Читаем Ярославичи полностью

Ну как сюда не зайти, не взглянуть на работу тех, кого приглашают на фабрику в объявлении, висящем у проходной: ткачихи, мотальщицы, сновальщицы, просто вышивальщицы и те, кто восстанавливает рисунок.

Есть еще одна профессия, в объявлении она не названа.

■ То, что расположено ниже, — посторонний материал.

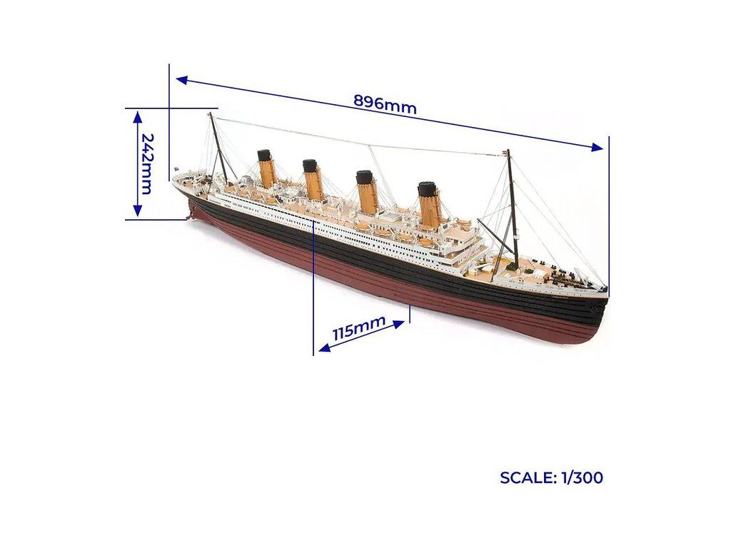 Stavebnice neplovoucího modelu lodi OCCRE Titanic, v měřítku 1:300. V balení jsou díly pro stavbu - laserem řezané díly, lišty, mosazné fotolepy, lanoví a další. Stavební výkresy a návod.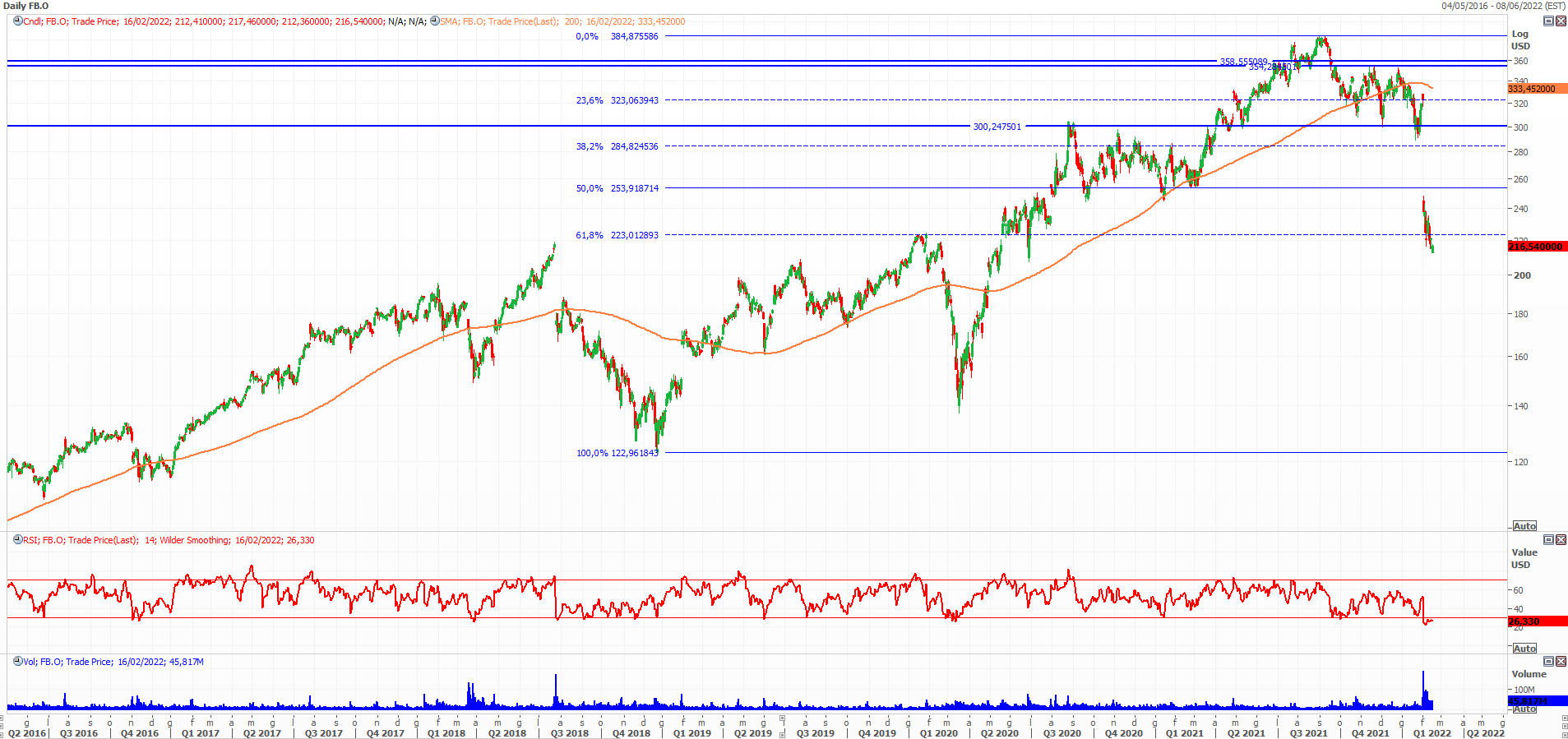 Newsflow. Non una fase facile per Meta Platforms tra situazione difficile legata in generale ai tech, per le politiche restrittive avviate dalla Fed (mercato sconta quasi 7 rialzi quest'anno) e lo scontro con Apple e ora anche Samsung sul tema tracciamento delle pubblicità.

У доски, похожей на кульман, стоит невысокий, плотный человек в темном халате и переносит на бумагу рисунок, увеличивая его. По его напряженной спине видно, как он сосредоточен и углублен в свое дело. Он даже не слышал, как мы с Марией Алексеевной Устюковой, начальником техотдела, выйдя из соседней комнаты, остановились немного в сторонке, так, чтобы видны были его кульман и небольшой экранчик рядом, на ткани которого медленно, по мере того, как мастер наносит на бумагу штрихи, рождается образец того, что позже сойдет с вышивальной машины гипюром, шитьем или отделочной тканью.

— Тут работают мастера очень высокой квалификации — насекальщики. Иногда их называют плунжеристами — это одно и то же. С фабрикой связаны десятилетиями, — тихонько, чтобы не отвлекать внимания мастера, говорила Мария Алексеевна. — Вот он, Николай Иванович Глинин, пришел сюда подростком в войну. Даже не сам пришел — мать привела. Отца призвали на фронт, дома полно ребятишек, он — старший. Так тут и остался. Младшим был за отца, поднимал, учил. Самому-то учиться некогда было — кормилец.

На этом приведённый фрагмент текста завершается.